### WORK TO BE COMPLETED
Without the pictures, repeat all of the data exactly as it appears below.

*** Block opens ***

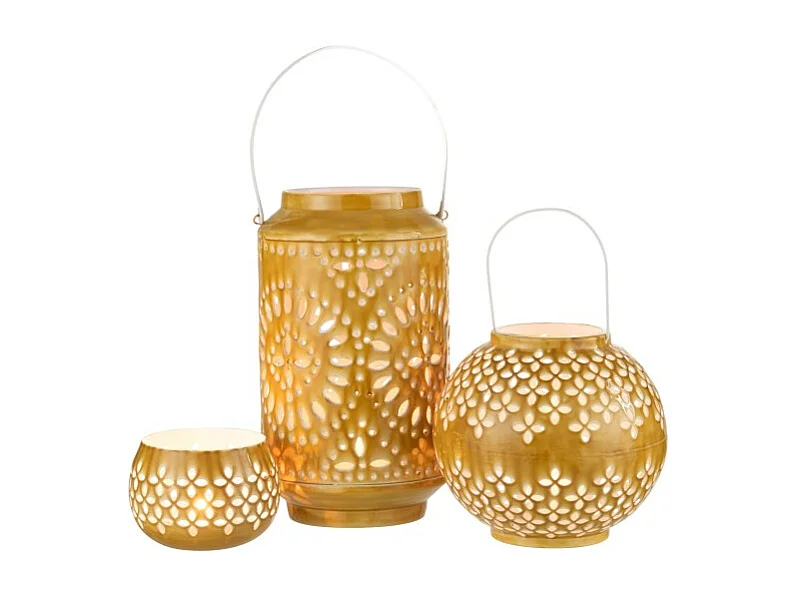 Lámpara alta perforada de hierro ocre 17x17x30cm
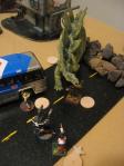 Duskhelm: Most of Coleman’s team was mounted (and therefore treated as a single Activation) and I won a few Activation rolls so I ended up moving all of my team at once. Duskhelm, Mitis’Heq, Burt, and Hasheen all advanced forward. The former two used a Standard Move, the latter two Ran. Thunderfoot crept up the middle, ending up behind a tree that scarely covered his bulk. Finally Redbeard stood where he was, as I measured the distance and figured Coleman’s gang would get into range soon enough.
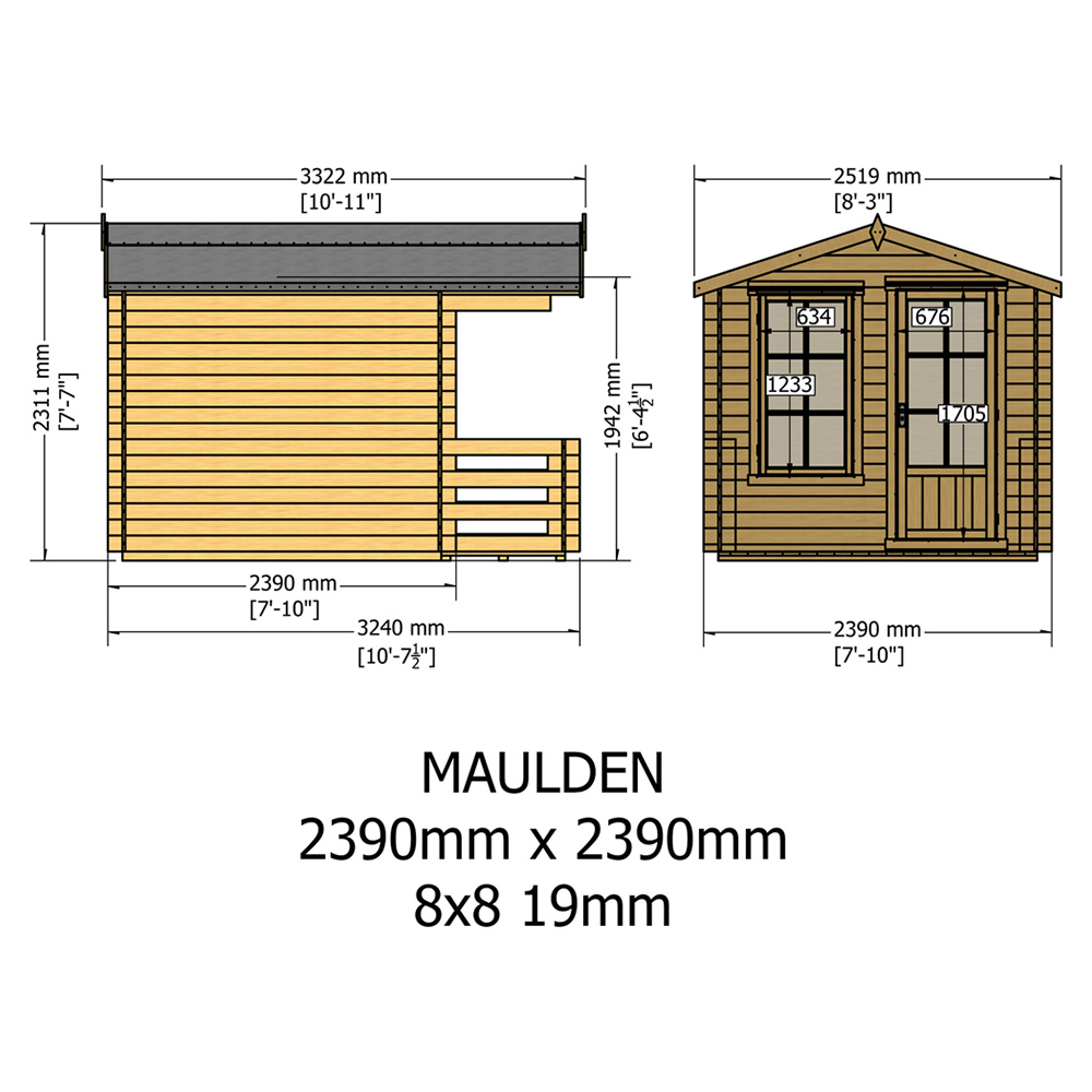 Complete your outdoors with the Shire 8 x 8 feet Maulden Log Cabin Shed. The shed makes an attractive addition to any garden because of its high-quality Georgian window and door together with a decked terrace. This top-quality log cabin features 19mm interlocking high-grade pine boards to the walls along with tongue and groove for reliable construction.Note: Currently, we're unable to deliver this product to DG, TD, KA, ML, EH, G, PA, FK, KY, PH, DD, AB IV and KW areas. We regret the inconvenience and will keep you posted when it's available to order for the mentioned postcodes.
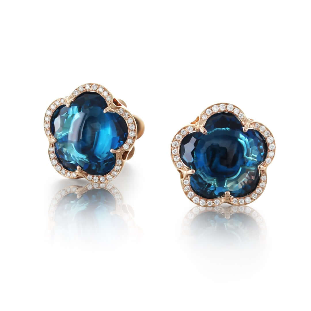 Pasquale Bruni Bon Ton Earrings 15308R. Earrings in 18k Rose Gold with London Blue Topaz and Diamonds.
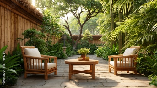 Relaxing tropical patio with bamboo furniture and lush greenery
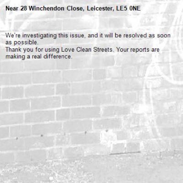 -28 Winchendon Close, Leicester, LE5 0NE 26/02/2026 09:23 We’re investigating this issue, and it will be resolved as soon as possible. Thank you for using Love Clean Streets. Your reports are making a real difference.

*** Block closes ***

### REPLY TO THE TASK
 Lámpara alta perforada de hierro ocre 17x17x30cm
 Duskhelm: Most of Coleman’s team was mounted (and therefore treated as a single Activation) and I won a few Activation rolls so I ended up moving all of my team at once. Duskhelm, Mitis’Heq, Burt, and Hasheen all advanced forward. The former two used a Standard Move, the latter two Ran. Thunderfoot crept up the middle, ending up behind a tree that scarely covered his bulk. Finally Redbeard stood where he was, as I measured the distance and figured Coleman’s gang would get into range soon enough.
 Complete your outdoors with the Shire 8 x 8 feet Maulden Log Cabin Shed. The shed makes an attractive addition to any garden because of its high-quality Georgian window and door together with a decked terrace. This top-quality log cabin features 19mm interlocking high-grade pine boards to the walls along with tongue and groove for reliable construction.Note: Currently, we're unable to deliver this product to DG, TD, KA, ML, EH, G, PA, FK, KY, PH, DD, AB IV and KW areas. We regret the inconvenience and will keep you posted when it's available to order for the mentioned postcodes.
 Pasquale Bruni Bon Ton Earrings 15308R. Earrings in 18k Rose Gold with London Blue Topaz and Diamonds.
 Relaxing tropical patio with bamboo furniture and lush greenery
 -28 Winchendon Close, Leicester, LE5 0NE 26/02/2026 09:23 We’re investigating this issue, and it will be resolved as soon as possible. Thank you for using Love Clean Streets. Your reports are making a real difference.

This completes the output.